Bullion Remains Under Pressure Despite Elevated Indian Prices
Gold prices continue to hover near a seven-month low in global markets, extending losses for a third consecutive session as a stronger U.S. dollar and expectations of higher interest rates weigh on investor sentiment. The decline reflects changing market expectations around monetary policy, with investors increasingly betting that U.S. rates may remain elevated for longer than previously anticipated.
While international bullion prices have softened, Indian consumers are seeing a more nuanced picture. Domestic gold prices remain relatively high due to currency movements, import costs and taxes, limiting the extent to which global declines translate into lower retail rates.

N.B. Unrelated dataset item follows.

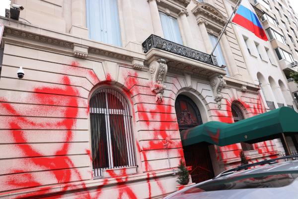 تعرضت القنصلية الروسية في مدينة نيويورك للتلطيخ بطلاء أحمر في وقت مبكر أمس الجمعة، يبدو أنه احتجاجا على استمرار غزو أوكرانيا وبالتزامن مع استعدادات الرئيس الروسي فلاديمير بوتين لضم 4 مناطق أوكرانية للاتحاد الروسي.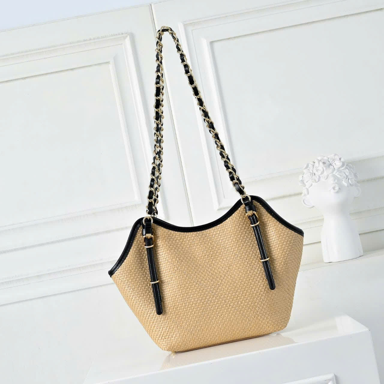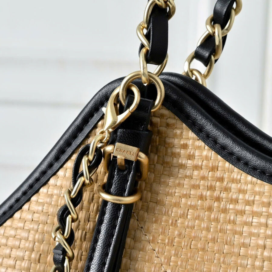The Chanel Medium Shopping Bag in braided raffia features a natural beige texture contrasted with sleek black leather trim and iconic gold-tone hardware, delivering a sophisticated yet relaxed aesthetic perfect for both coastal escapes and city strolls.

Why Gold Is Losing Momentum
Gold is traditionally viewed as a safe-haven asset, but unlike bonds or savings instruments, it does not generate interest income. As a result, higher interest rates tend to reduce its attractiveness because investors can earn better returns elsewhere.
The recent strength in the U.S. dollar has further pressured gold. Since gold is priced globally in dollars, a stronger greenback makes the metal more expensive for buyers using other currencies, often reducing international demand.
This inverse relationship between gold and the dollar has been one of the primary drivers behind the current decline. Markets are also factoring in the possibility that the U.S. Federal Reserve may maintain a cautious approach toward rate cuts, keeping pressure on precious metals.
Gold Prices in India Today
Despite weakness in international markets, gold continues to trade at elevated levels in India.
As of the latest available rates:
· 24-carat gold: Approximately ₹14,585 per gram, or around ₹1,45,850 per 10 grams.
· 22-carat gold: Approximately ₹13,535 per gram, or around ₹1,35,350 per 10 grams.
Some retail platforms report slightly different prices depending on location, taxes and product categories, but overall valuations remain significantly above historical averages.
The divergence between global weakness and domestic resilience highlights the impact of exchange rates and local market factors on Indian gold pricing.
Other Precious Metals: Mixed Trends Continue
The broader precious-metals market is also experiencing varied movements.
· Silver: Around $57.26 per ounce internationally.
· Platinum: Approximately $1,571.95 per ounce globally and about ₹5,410 per gram in India.
· Palladium: Trading near $1,181.46 per ounce, showing modest gains compared to other metals.
While silver and platinum have softened alongside gold, palladium has demonstrated relative resilience. This divergence reflects differences in industrial demand, supply conditions and investor positioning across metals.
What Should Buyers and Investors Do?
For jewellery buyers, the current correction could provide an opportunity to stagger purchases rather than making large one-time commitments. Since domestic prices remain elevated, averaging purchases over time may help manage price volatility.
Long-term investors should closely monitor two factors: the direction of the U.S. dollar and movements in the Indian rupee. Even if global gold prices decline further, currency fluctuations can significantly influence local prices.
Investors seeking diversification may also evaluate silver and platinum, though gold remains the dominant hedge against economic uncertainty.
Global Weakness, Local Resilience
Gold's current softness reflects broader macroeconomic forces rather than a collapse in long-term demand. Stronger U.S. dollar conditions and expectations of higher interest rates have reduced bullion's appeal in global markets, pushing prices toward seven-month lows. However, Indian buyers continue to face relatively high local prices due to currency and tax factors. The near-term outlook will largely depend on U.S. monetary policy and dollar movements. For buyers and investors, patience, gradual accumulation and close attention to global trends remain the most prudent strategies in an uncertain market environment.